The two aircraft, Pegasus 31 and Pegasus 32, departed in the late evening hours on a routine training mission from the Marine Corps Air Station Kaneohe Bay and flew over the North Shore in the vicinity of Haleiwa. They were conducting complex maneuvers in formation when Pegasus 31, with the less-experienced pilot, fell a little behind Pegasus 32. Pegasus 31 increased speed in the dark to catch up to the other helicopter. The low light conditions prevented the pilots from seeing each other's craft as Pegasus made a sharp left turn in front of the less-experienced pilot. Local residents later reported hearing two distinct explosions. A resident on a beach reported seeing the two helicopters flying in the distance, then a fireball.

== Recovery and salvage ==
The search and rescue operation involved the United States Air Force, Coast Guard, Marines, Army MEDEVAC helicopter crews, the Navy, and the Honolulu Fire and Police departments. Rough weather complicated the search. Winds blowing at 23 miles per hour sent debris in many directions. Waves 30 feet high made it hard to see debris between them. Eventually all four of the life rafts were found on the water's surface during the 5-day search, but there was no evidence that they had ever been used by the helicopter crews. The rescue operation turned to recovery and salvage on January 19 and the crew members were assumed dead. In April, the remains of nine of the twelve crew members were recovered. Large portions of the wreckage was located in 325 ft of water. The ensuing investigation found that all crew members were killed instantly. Three of them are still missing.

==Investigation==
The Marine Corps' investigation found that both airframes were mechanically sound and in good repair. The immediate cause of the collision was pilot error, but the Marine Corps identified underlying causes contributing to this.

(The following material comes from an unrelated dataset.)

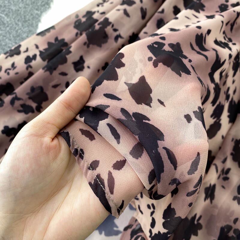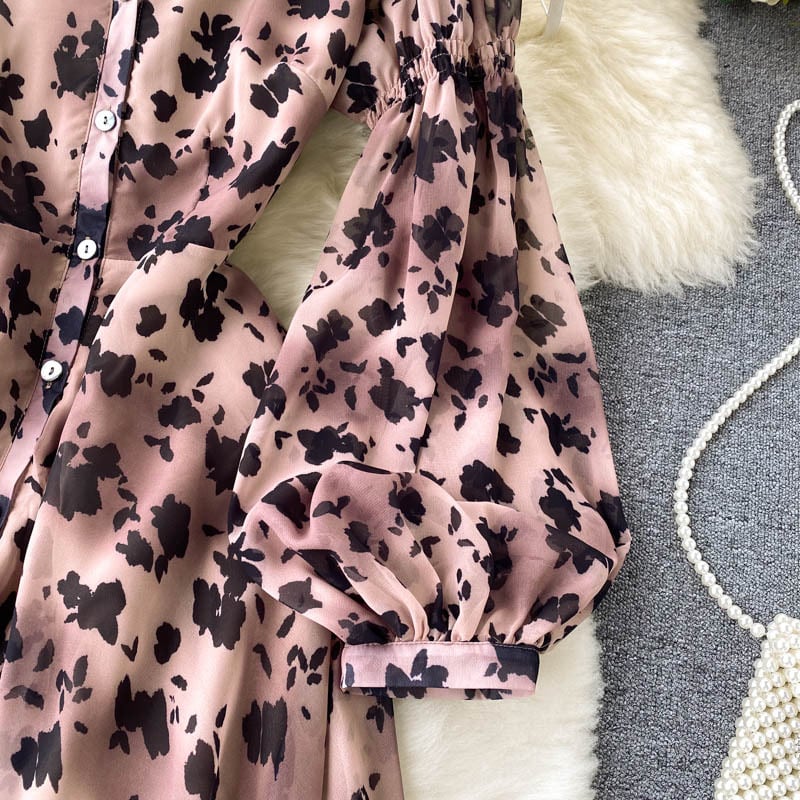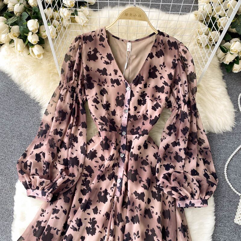 女性フレンチフローラルドレスパフスリーブVネックAライン不規則なドレス秋のボヘミアンバケーションミディドレス オータム 秋物 花柄

The Super Stallion is oldest and largest of Marine helicopters. The ones belonging to the Marine Corps were put to hard use in Iraq and Afghanistan and never adequately refurbished afterward. Super Stallions are out of production and spare parts are so difficult to procure that the Corps itself was manufacturing some of these parts. Therefore Marine Heavy Helicopter Squadron 463 (HMH-463) didn't have the parts to keep enough helicopters flight-ready. They had to cannibalize parts from other aircraft around Hawaii in order to make it to training exercises in Australia in 2015. Across the Marine Corps, only 5 of every 16 Super Stallions were flyable at any given time. HMH-463 failed an inspection in September, 2015. They were unable to get 50% of their helicopters in the air by Thanksgiving and even though maintenance crews worked 12 hours daily there were days during the month of the crash that no helicopters were able to fly. This prevented pilots from accumulating the pilot training hours they needed. According to the copilots, they were supposed to be training 16 hours a month but were lucky if they flew 10. When pilots don't fly, their skills get rusty. In addition, two of the pilots were not adequately trained in the use of night-vision goggles.

Three days before the crash their commander, Lt. Col. Edward Pavelka, was relieved of his command for not getting enough helicopters flying. He told his superior, Brigadier General Russell Sanborn, commander of the 1st. Marine Aircraft Wing, "If the General wants up aircraft, the Marines will get him up aircraft," implying that his firing would not solve the problem and that his successor would feel forced to either file false reports of flight or send Marines up in improper conditions. Squadron members reported low morale. The maintenance crews were fatigued by the grueling work schedule and air crews were worried by their lack of flight hours.

==Aftermath==
On January 20, Secretary of Defense Ash Carter made a statement honoring the crew members. "These proud Marines died as they lived, in service to a country they loved and in dedication to a cause greater than themselves," Carter said. Carter thanked the Air Force, Coast Guard, Navy, and Marine personnel for their involvement in rescue operations. A memorial service for the lost Marines was held Friday, January 22 at Marine Corps Base Hawaii.